The crew of a Via Rail passenger train that derailed last year in Burlington, Ont., killing the three locomotive engineers, likely misread the light signals that ordered them to slow down for a track crossover, the accident investigation has concluded.
The Transportation Safety Board of Canada says however that, because of the lack of video or audio recorders, it will never know for sure why the train was going at more than four times its authorized speed while switching tracks.
“The absence of any attempt to slow the train indicates that the VIA 92 crew members expected to proceed at track speed,” says the accident report, which was released Tuesday morning.
TSB chairwoman Wendy Tadros said the accident reinforced the board’s past recommendations that trains be equipped with onboard video recorders and automated ways to stop trains, as already exist in the U.S. and Europe.
Similar misreading of freight and passenger train signals happen monthly, she told reporters at a briefing.
“About once a month, somewhere in Canada, there’s a disconnect between what the signals display and the actions the crew takes. That’s the risk and we need to drive the risk down,” Ms. Tadros said.
In a statement, CN said it was working on a fail-safe automated train controls.
Positive Train Control (PTC) “is a technologically complex system that as of yet has not been proven in any large scale industry implementation … further deployment of PTC beyond the existing mandated rollout should not be pursued until we can fully validate the reliability and operability of the system,” CN cautioned.
The transporter also said it was in discussion with its trade unions to find a way to implement video cameras in cabs.
The TSB report says that, at the time of the accident, on the afternoon of Feb. 26, 2012, the crew was experienced and rested and the locomotive, cars and tracks were in good condition at the time, as VIA Rail train No. 92 carried 70 passengers from Niagara Falls.

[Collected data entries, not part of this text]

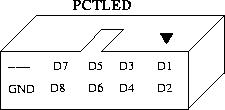 La PCT-LED dispone de un conector acodado de 10 pines. En la siguiente foto se muestra la asignación de cada uno de estos pines. Donde Dx hace referencia al Diodo led x, marcado en la serigrafía de la placa.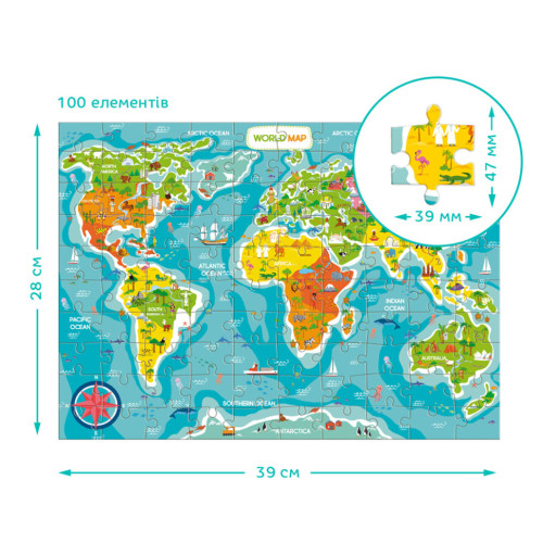 Развивающий пазл World Map на 100 элементов – узнавай мир с удовольствием!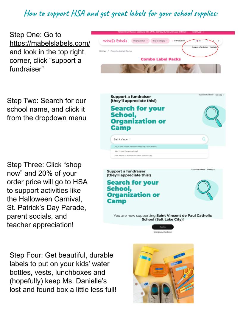Mabels Labels is a fun way to keep all of your children’s belongings labeled and also gives 20% of every purchase to the school. Click here to learn more!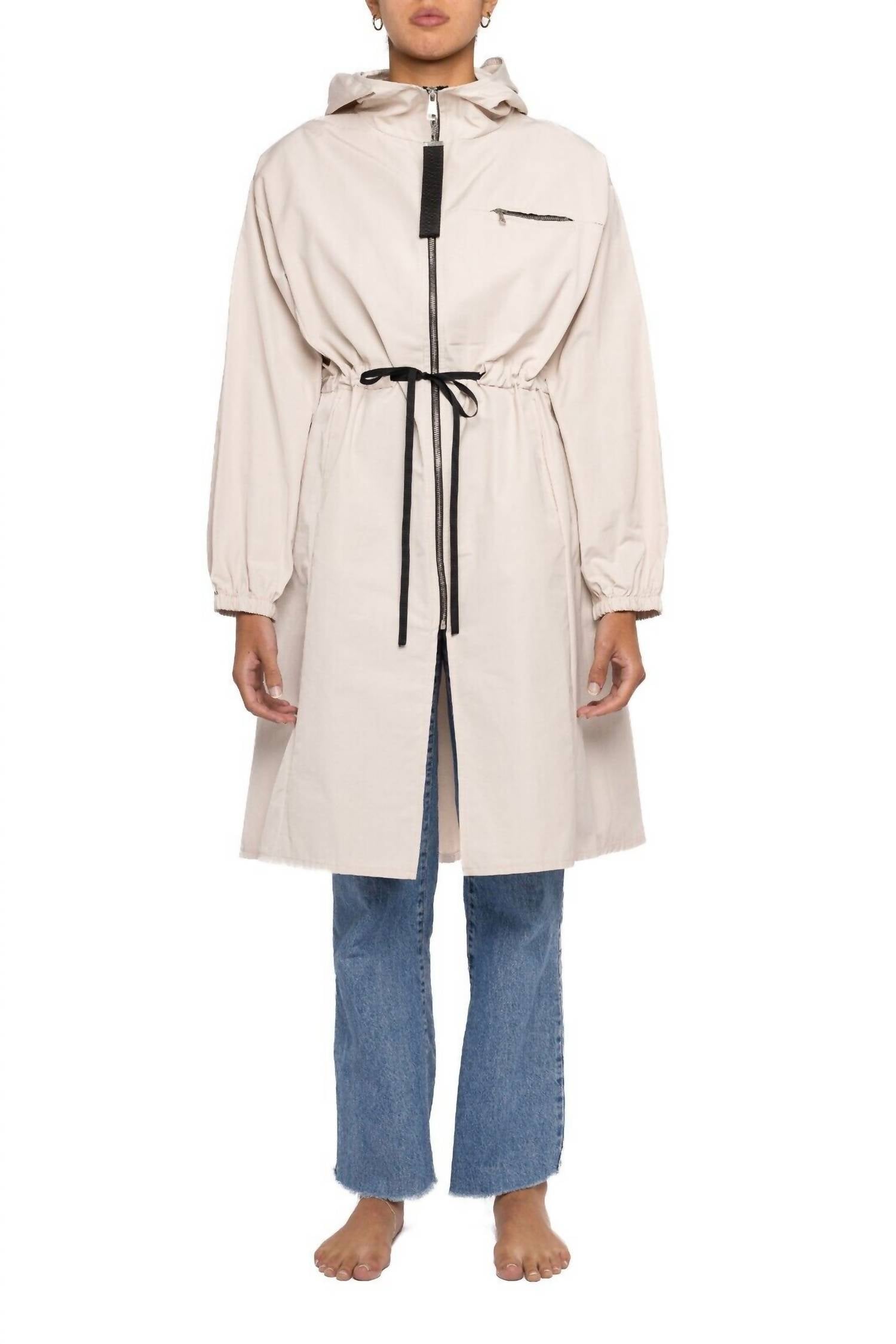 A jacket so versatile you can literally wear it with anything. Stay stylish and dry on your next getaway with the Rainy Day Jacket by ASTRID in an elegant cream shade. Designed with long sleeves and a sleek hooded neckline, this jacket offers both fashion and function. Crafted from a cotton blend( 52% Cotton, 48% Polyester), it features a practical zip closure for easy wear. Origin: Italy.
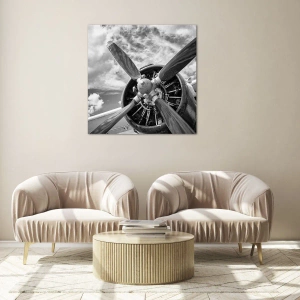 „Dobyvateľ nebies“ je sklenený obraz, ktorý priťahuje pozornosť svojou jedinečnou témou a eleganciou. Zobrazuje detail vrtule lietadla, ktorá je zobrazená v čiernobielych tónoch, čo dodáva kompozícii retro charakter. Mechanické detaily sú dokonale viditeľné, čo zdôrazňuje industriálny štýl a dodáva obrazu jedinečný výraz.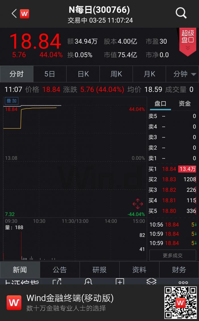 3月25日上午,每日互动(300766.SZ)在深交所上市敲锣,登陆创业板,发行价13.08元/股,开盘价15.7元/股,截至记者发稿,股价报收18.84元,上涨44.04%。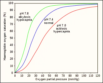 Hyperventilation depletes the blood of carbon dioxide (hypocapnia), which causes respiratory alkylosis (increased pH), and causes a leftward shift in the oxygen–hemoglobin dissociation curve. This results in a lower venous partial pressure of oxygen, which worsens hypoxia.[21] A normally ventilated breath-hold usually breaks (from CO2) with over 90% saturation which is far from hypoxia. Hypoxia produces a respiratory drive but not as strong as the hypercapnic respiratory drive.[12] This has been studied in altitude medicine, where hypoxia occurs without hypercapnia due to the low ambient pressure.[13] The balance between the hypercapnic and hypoxic respiratory drives has genetic variability and can be modified by hypoxic training. These variations imply that predictive risk cannot be reliably estimated, but pre-dive hyperventilation carries definite risks.[6]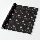 Wrapping Paper with a pattern of flamingos in a buffalo plaid (pink white) pattern on a black background. The wrapping paper includes the words "Merry Flamingo Christmas" and those words can be customized.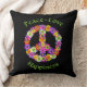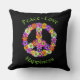 Peace Sign Floral Peace Love Happiness Throw Pillow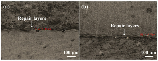 As shown in Figure 6, the surface of the raceway with composite grease formed a repair layer with thicknesses of 14.88 and 11.07 μm, and the surface roughness was 0.45 μm, indicating that a uniform and stable boundary lubrication film was formed during the lubrication process, which helped to inhibit the expansion of microscopic damage. Additionally, as shown in Table 2, the average surface hardness and modulus of the bearing raceways using composite grease are 6.174 and 204.439 GPa, respectively. The measurement results indicate that the hardness and modulus of the raceways using composite grease exhibit good uniformity, with minimal fluctuations among the three measurement points. The raceway hardness values and modulus of the composite grease in the repair layer showed good numerical levels, helping to resist wear and fatigue during rolling contact [21,22]. These mechanical properties reflect that the composite grease has good stability and reliability under long-term high-speed operation conditions, providing a strong guarantee for the long-term stable operation of wind turbines.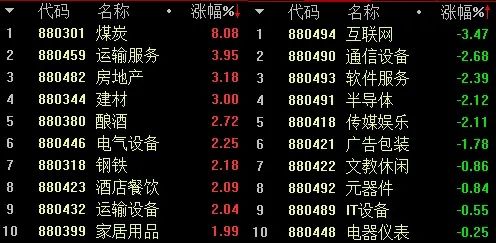 1.涨幅前十的板块,今天换了大部分;而跌幅前十的板块也换了不少。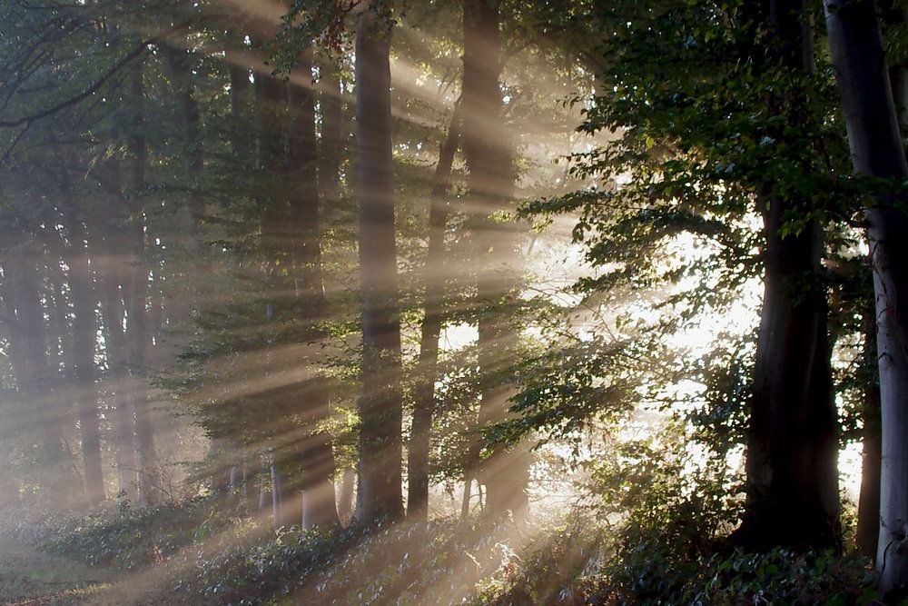 Lorsque l'automne commence, les rayons du soleil et le brouillard évoquent les plus belles images de la nature. Le soleil se fraie un chemin à travers les arbres. En arrière-plan, vous pouvez voir le paysage brumeux.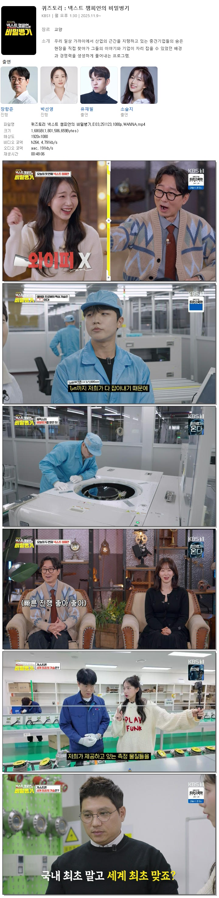 [KBS1] 퀴즈토리 넥스트 챔피언의 비밀병기.E03.251123.1080p.WANNA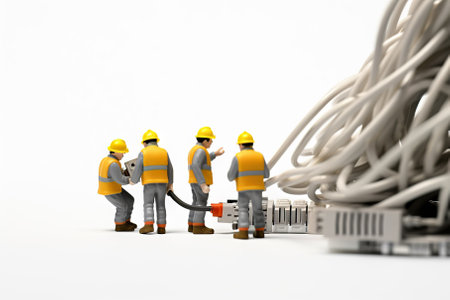 This captivating features miniature technician team figurines, skillfully handling a Cat5 network cable. Their precise actions symbolize the core principles of networking, showcasing expertise, connectivity, and teamwork in a digital age.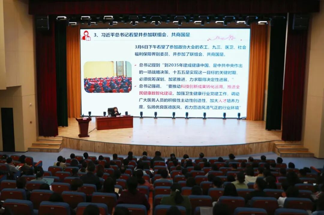 聘任仪式后,孙蓉教授以《学习全国两会精神 聚力健康中国建设》为题作专题宣讲。她结合参会履职的亲身经历,紧扣2026年全国两会核心精神,系统解读了习近平总书记关于卫生健康事业发展的重要论述,深入阐释了“十五五”时期推进健康中国建设的战略目标与实践路径。宣讲中,孙蓉教授重点分享了围绕中医药传承创新、老年人用药安全等民生关切建言献策的思考与体会,既有宏观政策的深度剖析,又有行业发展的精准研判,更有对职业教育与人才培养的殷切期望。整场报告站位高远、内涵丰富、贴近实际,帮助师生进一步深化了对两会精神的理解,明晰了新时代医药卫生健康工作者的使命担当。

The Toronto-bound train had travelled less than two kilometres from Aldershot station when it changed tracks by entering a remotely controlled crossover switch.
The train was normally routed eastward on track 2, the middle of three parallel tracks. However, on that Sunday afternoon, a work crew had been dispatched to repair a hot-box detector on track 2. As a result, the rail traffic controller decided to route the train around the work crew by getting it to switch from track 2 to track 3.
The crew misperceived at least one of three light signals warning them to slow down for a track crossover.
The two engineers and one trainee at the controls in the locomotive cab had more than 80 years of combined experience, Rob Johnston, the TSB manager for Central region and headquarters, told reporters.
“It is much more likely that the signals were seen but misperceived.”
Mr. Johnston said the crew might have been “strongly influenced by the expectation that they would continue on track 2, as they did, 99 per cent of the time.”
The presence of the work crew ahead might also have distracted the locomotive engineers, he said.
“We will never know for certain” because of the lack of voice or video recorders, Mr. Johnston said.
The TSB has raised concerns for nearly a decade about the lack of voice recorders on Canadian trains. There are data recorders on the train but, unlike the case for airplanes, no voice recorder.
“If we don’t fix it, this will happen again,” Mr. Johnston said.
The track switches were lined to route the train from track 2 to track 3, at an authorized speed of 15 mph. The train however entered the crossover at about 67 mph, over four times the authorized speed limit.
The train and all five coach cars derailed. The locomotive engine at the front rolled on its side and slammed into a building next to the track.
In addition to 45 people who were injured, the derailment killed Patrick Robinson, 40, of Cornwall, and Ken Simmonds, 56, and Peter Snarr, 52, both of Toronto.
Mr. Simmonds and Mr. Snarr had over 30 years of experience. Mr. Robinson was a trainee but had previously conducted freight trains for Ottawa Central Railway, a subsidiary of Canadian National Railway.
Toxicology tests showed that one crew member, the locomotive engineer in charge, had alcohol in his urine. The TSB concluded that the alcohol had been consumed more than 12 hours before the accident and was not a factor.
Already, the TSB has issued two rail safety advisories. One asked Transport Canada to review operating procedures when higher-speed passenger trains were routed through slower speed crossovers.
The other advisory raised concerns about the sturdiness of the locomotive cab. In the Burlington derailment, the front nose of the locomotive cab collapsed and was seriously damaged, instantly killing the three men.